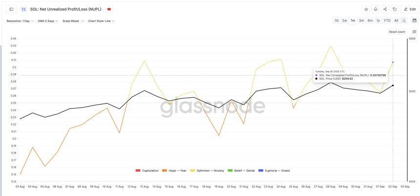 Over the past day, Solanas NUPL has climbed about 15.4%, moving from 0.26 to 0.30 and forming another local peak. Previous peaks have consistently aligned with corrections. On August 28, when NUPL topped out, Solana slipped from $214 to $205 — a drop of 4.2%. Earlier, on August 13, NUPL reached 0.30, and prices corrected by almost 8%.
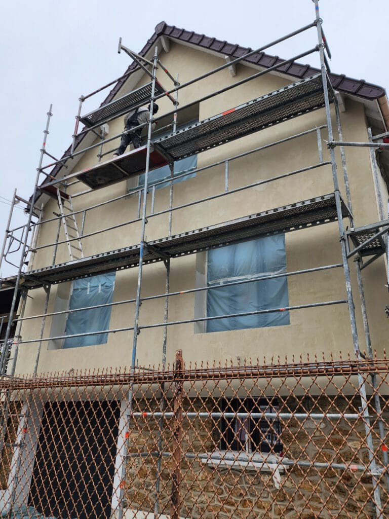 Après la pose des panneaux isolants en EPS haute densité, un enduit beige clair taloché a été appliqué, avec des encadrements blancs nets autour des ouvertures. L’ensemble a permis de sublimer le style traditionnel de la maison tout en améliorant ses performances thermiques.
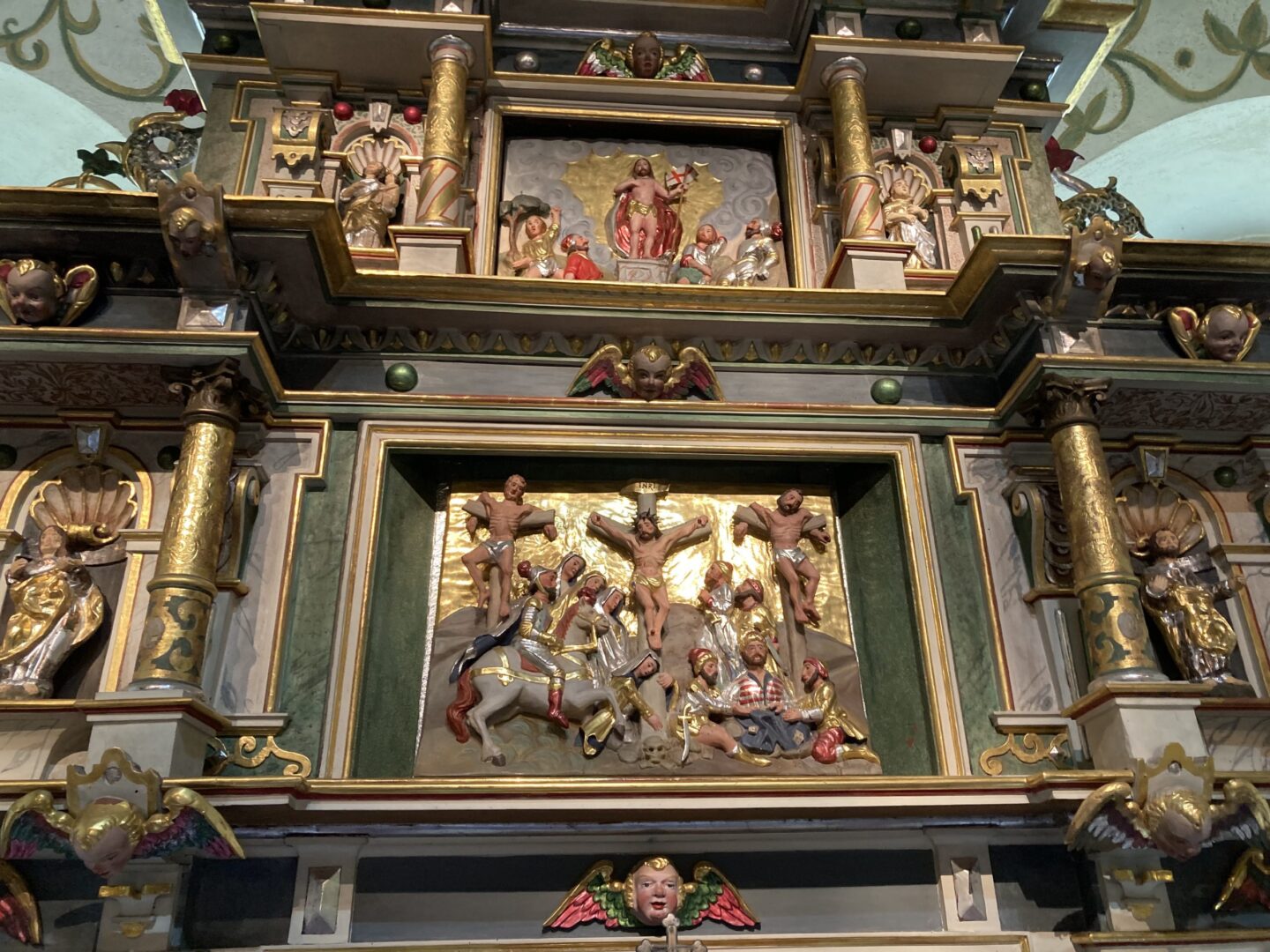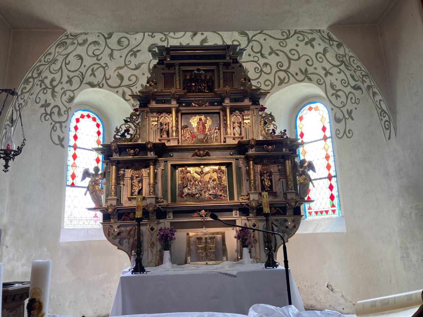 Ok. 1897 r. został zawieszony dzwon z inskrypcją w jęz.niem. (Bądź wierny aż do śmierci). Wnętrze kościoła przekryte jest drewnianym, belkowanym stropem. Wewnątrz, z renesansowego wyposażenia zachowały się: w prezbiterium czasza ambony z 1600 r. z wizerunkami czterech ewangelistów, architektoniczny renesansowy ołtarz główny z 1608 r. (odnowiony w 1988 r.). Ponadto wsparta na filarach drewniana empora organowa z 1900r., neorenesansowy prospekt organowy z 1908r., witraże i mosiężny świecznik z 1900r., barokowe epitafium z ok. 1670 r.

**About this task**:
In the copy, include each line from the start of the material through the line with "Après la pose", word for word, but none of the pictures.

**Your solution**:
 Over the past day, Solanas NUPL has climbed about 15.4%, moving from 0.26 to 0.30 and forming another local peak. Previous peaks have consistently aligned with corrections. On August 28, when NUPL topped out, Solana slipped from $214 to $205 — a drop of 4.2%. Earlier, on August 13, NUPL reached 0.30, and prices corrected by almost 8%.
 Après la pose des panneaux isolants en EPS haute densité, un enduit beige clair taloché a été appliqué, avec des encadrements blancs nets autour des ouvertures. L’ensemble a permis de sublimer le style traditionnel de la maison tout en améliorant ses performances thermiques.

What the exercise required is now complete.